Stored entries:
++++++++++++++++++++
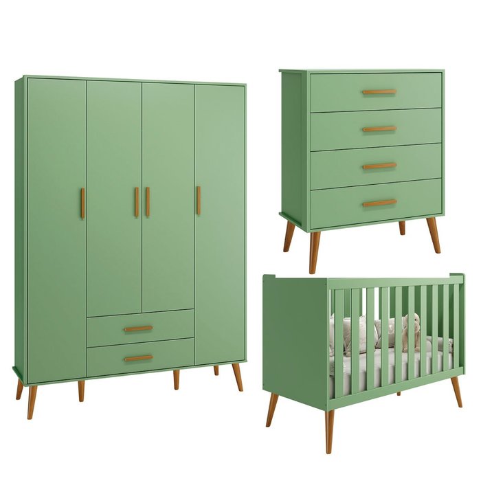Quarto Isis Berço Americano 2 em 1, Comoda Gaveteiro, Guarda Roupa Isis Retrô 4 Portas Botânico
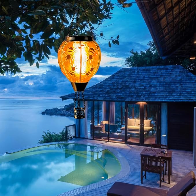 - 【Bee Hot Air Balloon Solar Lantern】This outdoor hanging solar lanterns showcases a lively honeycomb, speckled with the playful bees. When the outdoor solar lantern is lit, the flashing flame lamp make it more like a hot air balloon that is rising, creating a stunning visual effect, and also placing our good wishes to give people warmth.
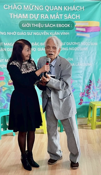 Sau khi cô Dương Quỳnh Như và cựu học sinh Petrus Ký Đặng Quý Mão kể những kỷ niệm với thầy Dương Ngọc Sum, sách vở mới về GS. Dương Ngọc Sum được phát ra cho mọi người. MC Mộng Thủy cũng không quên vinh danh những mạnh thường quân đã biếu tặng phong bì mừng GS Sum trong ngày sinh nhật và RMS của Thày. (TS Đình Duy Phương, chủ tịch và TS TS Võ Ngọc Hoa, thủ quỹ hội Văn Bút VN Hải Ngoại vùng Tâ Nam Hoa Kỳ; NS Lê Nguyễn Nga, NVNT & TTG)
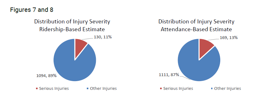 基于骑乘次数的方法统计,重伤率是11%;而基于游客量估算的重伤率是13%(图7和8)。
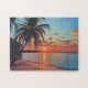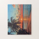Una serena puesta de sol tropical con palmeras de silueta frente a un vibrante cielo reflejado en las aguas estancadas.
++++++++++++++++++++
**TASK DIRECTIONS**
Give again, word for word, the line that contains "基于骑乘次数的方法统计,重伤" and every line after it through the end of the entries; omit the pictures.

**ANSWER SPACE**
 基于骑乘次数的方法统计,重伤率是11%;而基于游客量估算的重伤率是13%(图7和8)。
Una serena puesta de sol tropical con palmeras de silueta frente a un vibrante cielo reflejado en las aguas estancadas.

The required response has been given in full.